The Bus Stop Method is actually just another name for the traditional method of Short Division. Like all formal written methods in Maths, we don't encourage children to jump into this before having a good understanding of their times tables facts and the relationship these facts have to division. You may want to read last week's blog focussing on 'Division and Remainders' for ideas on how to help your child explore and understand division before jumping into this method.
If your child has a good knowledge of the place value of digits; they have a fairly good understanding and recall of their times tables facts; and understand the relationship between multiplication and division, then they are ready to dive and learn how to use the Bus Stop.
Don't be afraid to let your child use a Times Tables Mat while they begin to learn how to use the Bus Stop (there is a FREE Times Tables Mat download in my Primary Parents' Community on Facebook).
The National Curriculum introduces the short written method of division (Bus Stop) in Year 4 for dividing two and three digit numbers by a single digit. This is not to say that every child is ready for this method at this stage. Every child learns at a different pace and it's best not to rush them onto methods just because they are in the year group identified by the National Curriculum.
Squared paper really makes a difference when learning any of the formal written methods. It supports the recognition of Place Value in each of the digits.

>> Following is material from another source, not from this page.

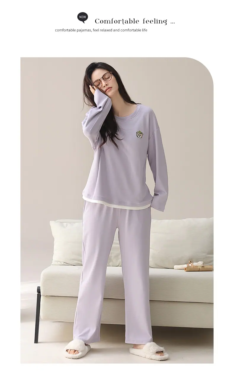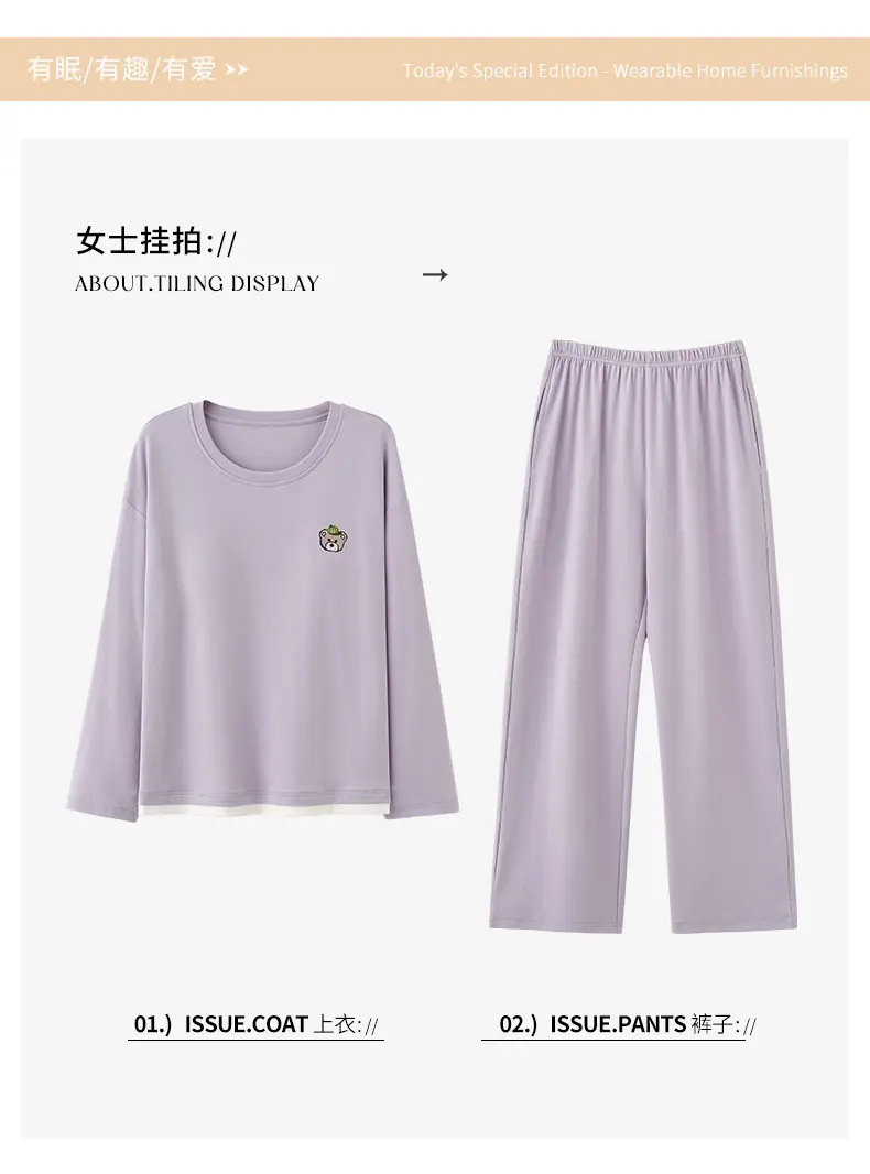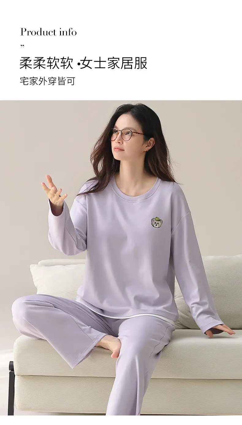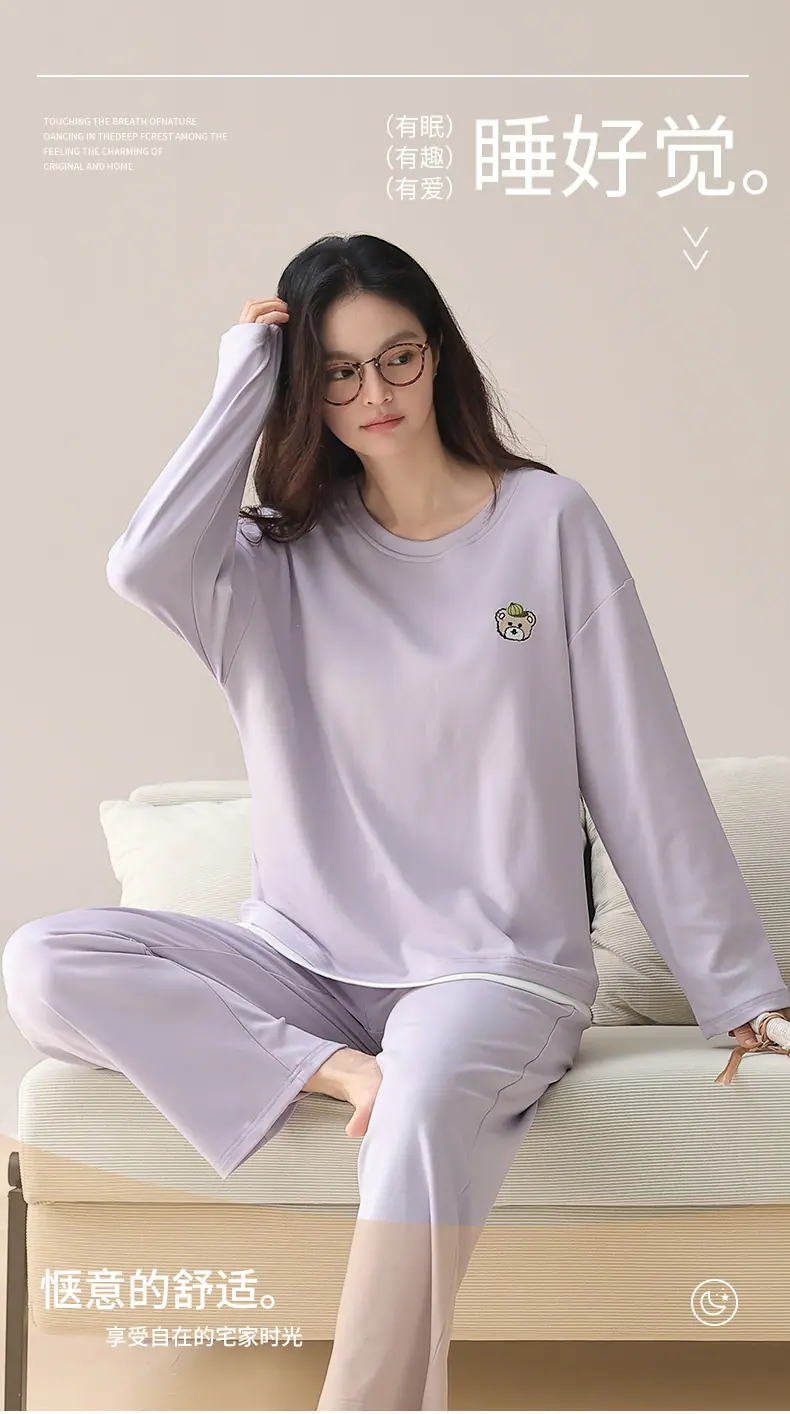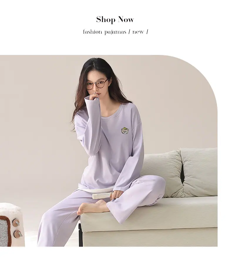 Compra Pijama sólido de gran venta para mujer, cuello redondo, manga larga, cómodo, amigable con la piel, puro algodón, estampado dulce, para estar en casa, primavera y otoño, se puede usar como conjunto exterior al por mayor en Joom.pro

It also supports a tidy and methodical working approach, vital to the more complex maths your child will work with in years to come.
It's best to start off with small numbers that have no remainders so that children can gain confidence working through the calculation easily. It's also best to start with a divisor that they find easy to work. They may be more confident with dividing by 3 or 4 to begin with before working with divisors such as 7 and 8.

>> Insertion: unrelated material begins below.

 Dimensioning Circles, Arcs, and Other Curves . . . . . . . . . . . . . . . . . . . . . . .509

Over the years, I have found using the phrase, "How many lots of .. go into ...?" helps children relate their times tables facts to this task.
Here are some examples:
36 ÷ 3,
How many 3s go into 3 lots of ten?
How many 3s go into 9 ?
48 ÷ 2,
How many 2s go into 4 lots of ten?
How many 2s go into 8?
Once children become confident with working through each step and having lots of success, questions with remainders can be introduced.
The next step it to work with questions where the remainder occurs at the end of the calculation. That's because children can physically sort objects or draw arrays to prove their answer. They will see an amount left over to understand the principle of remainders.

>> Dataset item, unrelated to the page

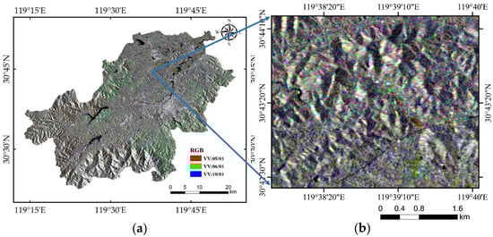 Anji Sentinel-1 satellite imagery (a) and its zoomed-in section (b). The image was synthesized through false-color composite using Sentinel-1 VV imagery from 1 May, 1 June, and 1 October 2019, as red, green, and blue channels, respectively.

The next step is to introduce questions where the remainder occurs in the first column. It's important that children see the remainders from the first column as lots of ten. When they see that the remainder as one lot of ten, they understand that the next calculation is therefore 18 divided by 2 rather than adding on and ending up with the calculation 9 divided by 2.
Whilst this method seems easy to us as adults, it does take time for children to master. There's no substitute for lots of practise at each stage. Don't forget to mix up the questions from previous stages as this helps children continue to use their mathematical knowledge rather than memorising a set of steps that can easily be forgotten.
As children develop confidence, they can begin to work with 3 digit and 4 digit numbers. They can eventually use this method for dividing decimals too.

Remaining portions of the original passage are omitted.